Was meinst du mit Komplexität?


----------



## SlaterB (21. Jan 2011)

beim zweiten wird b zwar evt. geändert, das hat aber keinen Einfluss auf die Arbeit der Methode, 
etwa die Anzahl der Vergleiche, b kannst du ignorieren,
edit: obwohl es schon interessant was die erste Funktion dagegen anders macht..

zu 1) schreibe doch, warum du das vermutest,
welche Komplexitäten kennst du, welche Regeln dazu, wann ist deiner Meinung nach etwas von Komplexität x, wann y, wann z,
wieso sollte 1) gerade konstant sein und nicht etwas anderes (was gibt es noch anderes)?


----------



## ficak (21. Jan 2011)

also ich soll die laufzeit bestimmen. dafür muss ich ja wissen welche fkt der code darstellt
bei der 1 dachte ich es wäre konstant weil das dingen wahr wird wenn j ungleich i ist und bzw aber a_ gleich a[j] sein soll. sonst ist das false. und mir ist da nur konst fkt eingefallen. ehrlich gesagt ist das ja wohl nicht die beste mehtode zur bestimmung. ich soll die beiden codes vergleichen und sagen ob sie gleiche komp haben. ich habe das so erklärt bekommen das ich die fkt bestimmen muss und dann gucken ob un dwleches schneller wächst_


----------



## ficak (21. Jan 2011)

die laufzeit


----------



## Landei (21. Jan 2011)

Variante 1) hat eine Worst-Case-Komplexität von O(n²), wobei n hier a.length ist. Der "schlechtestmögliche" Fall ist natürlich, dass das Array keine doppelten Elemente enthält. Im besten Fall ist die Komplexität O(1) (wenn gleich der erste Vergleich ein Treffer ist). Für die durchschnittliche Komplexität müsste man die Werteverteilung kennen. 

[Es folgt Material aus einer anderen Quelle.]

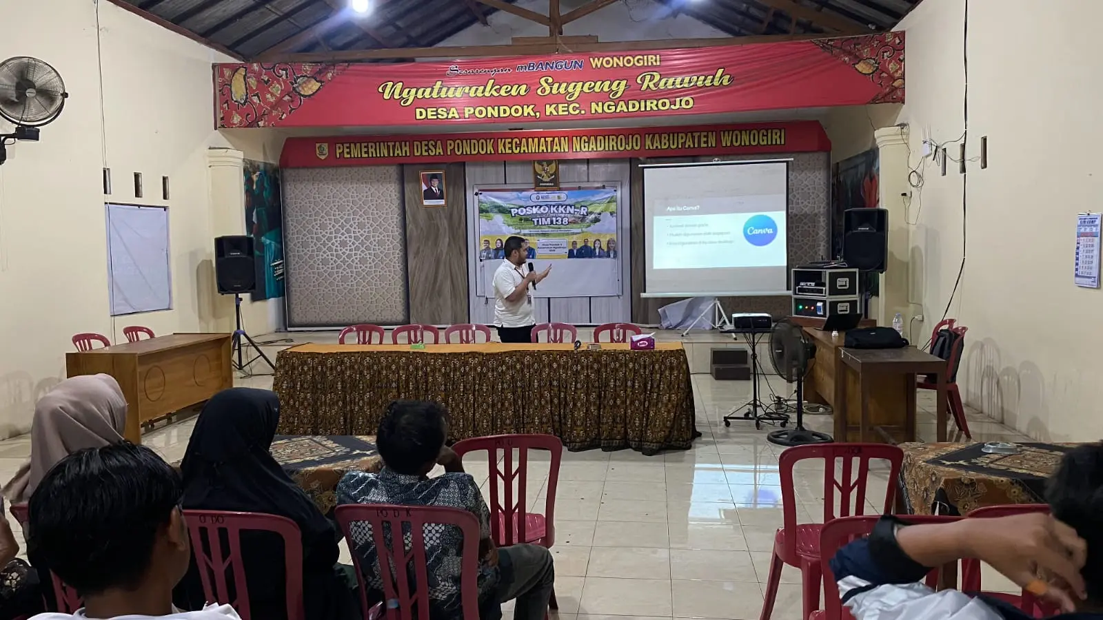 JATENGKU.COM, Wonogiri — Dalam rangka mendukung peningkatan literasi digital masyarakat serta penguatan kapasitas pelaku Usaha Mikro, Kecil, dan Menengah (UMKM), mahasiswa Kuliah Kerja Nyata (KKN) Universitas Diponegoro melaksanakan kegiatan sosialisasi mengenai pemanfaatan aplikasi desain grafis Canva sebagai media promosi produk. Kegiatan ini dilaksanakan oleh Ahmad Muhajir, mahasiswa Fakultas Sains dan Matematika, Jurusan Informatika, Universitas Diponegoro, sebagai bentuk implementasi pengabdian kepada masyarakat melalui penerapan ilmu pengetahuan dan teknologi yang relevan dengan kebutuhan desa.
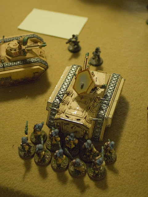 The Demolisher uses it's heavy flamer to torch the =][= Lord's squad. The Demolisher cannon then scatters onto his Chimera, blowing it up. Looking around for "craters" to use, we settle on some rectangular post-it notes. You'll be seeing a lot of those in this battle. :)

Variante 2) hat unabhängig vom Input (also auch im besten, durchschnittlichen und schlechtesten Fall) immer O(n²).


----------



## ficak (21. Jan 2011)

danke kannste mir auch erklären wie genau ich das sehe?
also bei dem ersten wäre ich jetzt auf o(n^2)nicht gekommen.
das zweite weiß ich jetzt nicht genau warum es immer O(n^2) ist


----------



## XHelp (21. Jan 2011)

Ich denke die Aufgabe zielt darauf aus, die verschiedenen Landau-Symbole zu verwenden:
Beim 1. wäre das ja O(n²), und beim 2.:


----------



## ficak (21. Jan 2011)

danke für die lösung. aber ich hätte doch gerne eine erklärung wie man darauf kommt. bis habe ich immer richtig oder halbwegs richitg geraten aber so kann man ja nicht durch java gehen


----------



## XHelp (21. Jan 2011)

wie du auf n² kommst, müsste ziemlich offensichtlich sein. Äußere Schleife läuft n mal und die innere Schleife läuft n mal, also n²
Beim 1. Beispiel kann es passieren, dass du vorzeitig die Schleifen beendest (durch return), also läuft der Algo "höhstens" n² Schritte
Beim 2. Beispiel läufst du immer die ganzen Schleifen ab und gibst erst dann das Ergebnis zurück. Also läufst du da immer "genau" n² Schritte


----------



## ficak (21. Jan 2011)

danke danke danke..nur in paar sätzen hast du mir das erklärt und ich meine es verstanden zu haben. ich bin das wohl voll falsch angegangen und es war zufällig richtig.


----------